▸ **INSTRUCTIONS TO FOLLOW**
Within the listing that follows, reproduce exactly the lines starting at the line with "17 日 14 时,重庆海康威视科技有限公司在" and ending at the line with "RC (β-coefficients), as", inclusive, and only those. Pictures are dropped.

▸ **RECORDS FOR THE TASK**
|---|
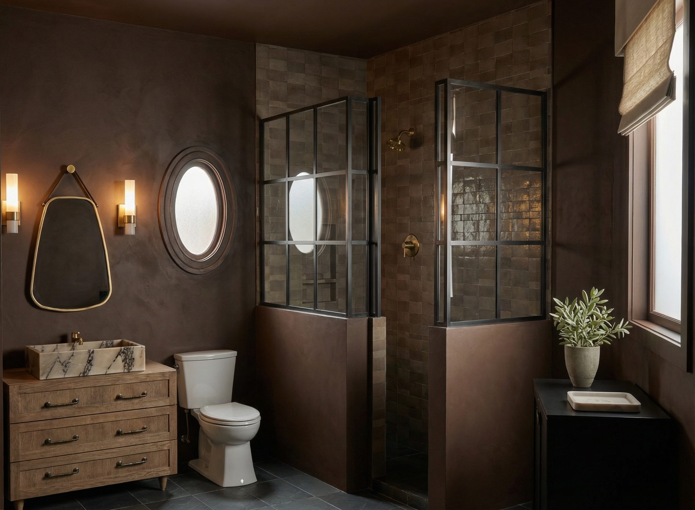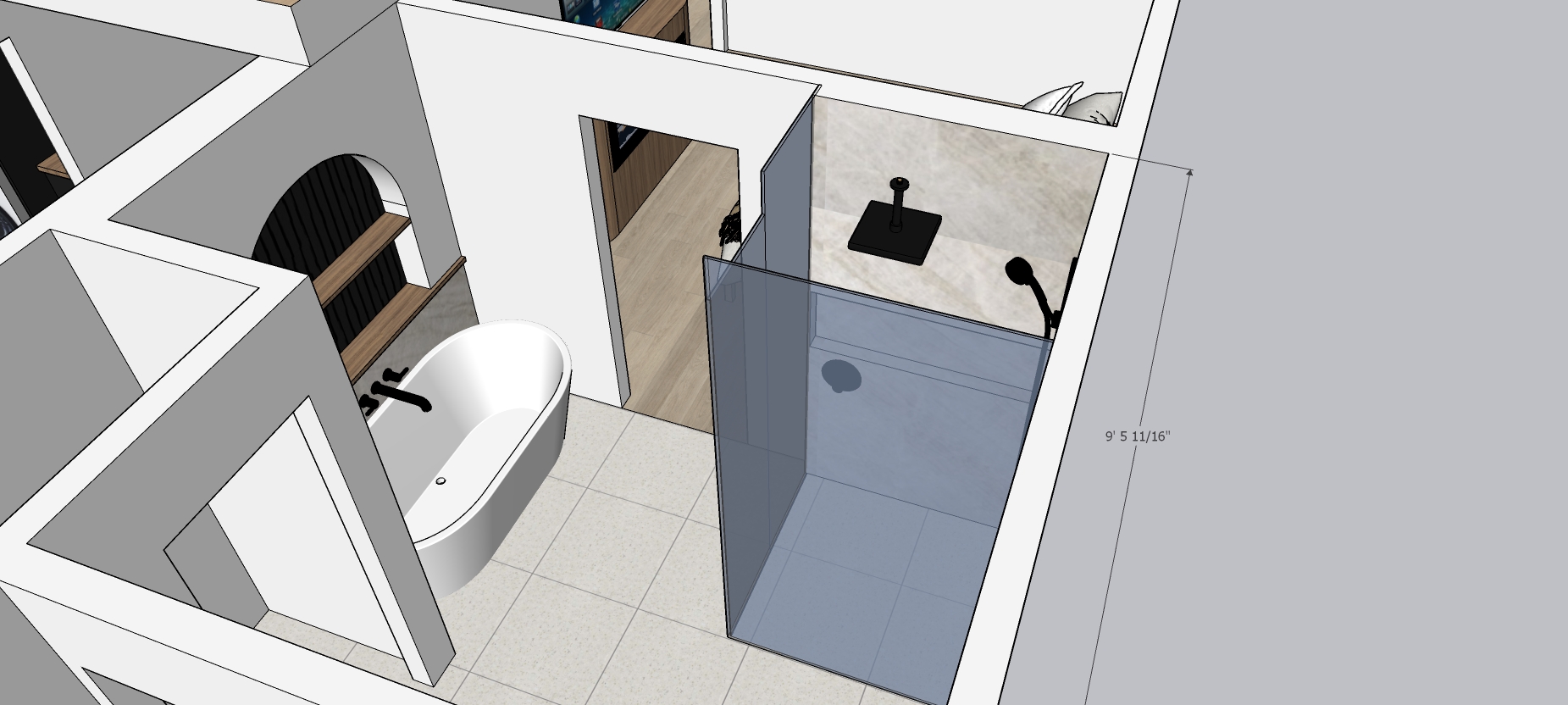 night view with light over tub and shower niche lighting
|---|
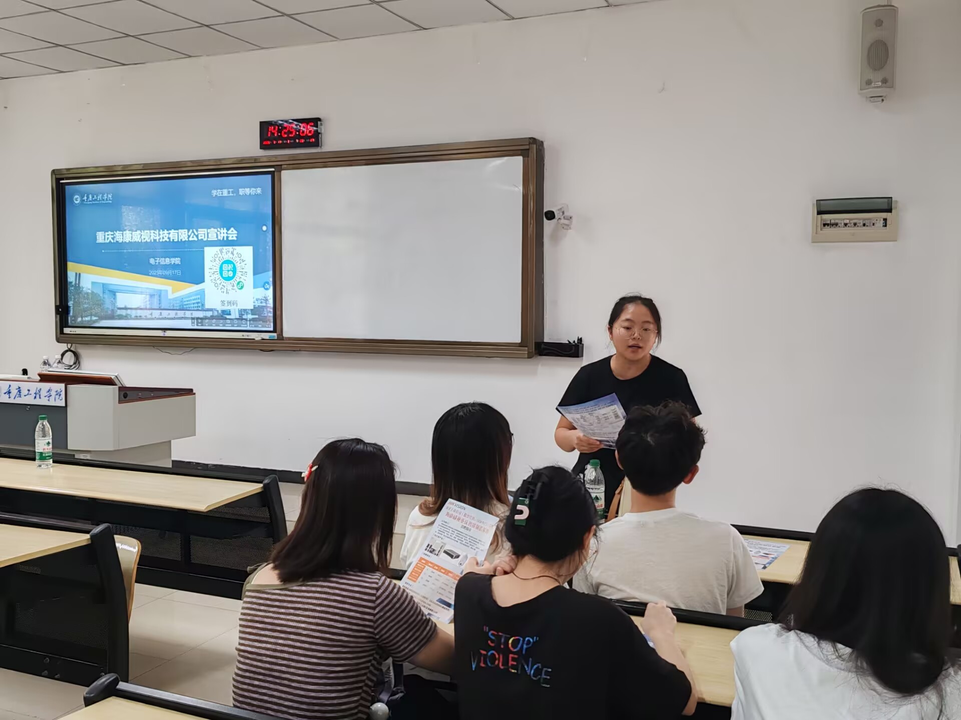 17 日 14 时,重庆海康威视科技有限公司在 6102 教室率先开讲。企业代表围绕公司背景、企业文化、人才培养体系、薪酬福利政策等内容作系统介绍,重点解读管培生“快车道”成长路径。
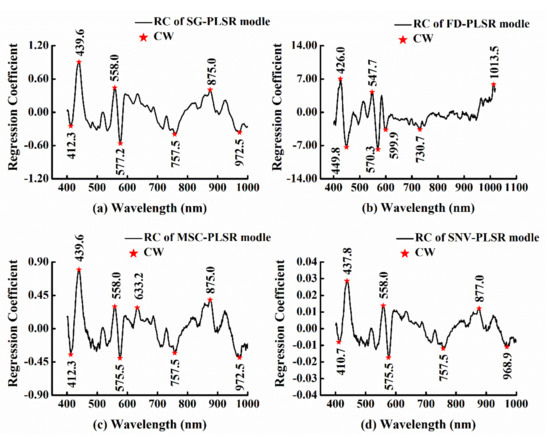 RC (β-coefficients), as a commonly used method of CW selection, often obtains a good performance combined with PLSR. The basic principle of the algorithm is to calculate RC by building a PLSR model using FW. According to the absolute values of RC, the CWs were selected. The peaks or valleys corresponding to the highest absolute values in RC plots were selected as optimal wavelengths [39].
|---|
▸ **FINISHED TASK**
 17 日 14 时,重庆海康威视科技有限公司在 6102 教室率先开讲。企业代表围绕公司背景、企业文化、人才培养体系、薪酬福利政策等内容作系统介绍,重点解读管培生“快车道”成长路径。
 RC (β-coefficients), as a commonly used method of CW selection, often obtains a good performance combined with PLSR. The basic principle of the algorithm is to calculate RC by building a PLSR model using FW. According to the absolute values of RC, the CWs were selected. The peaks or valleys corresponding to the highest absolute values in RC plots were selected as optimal wavelengths [39].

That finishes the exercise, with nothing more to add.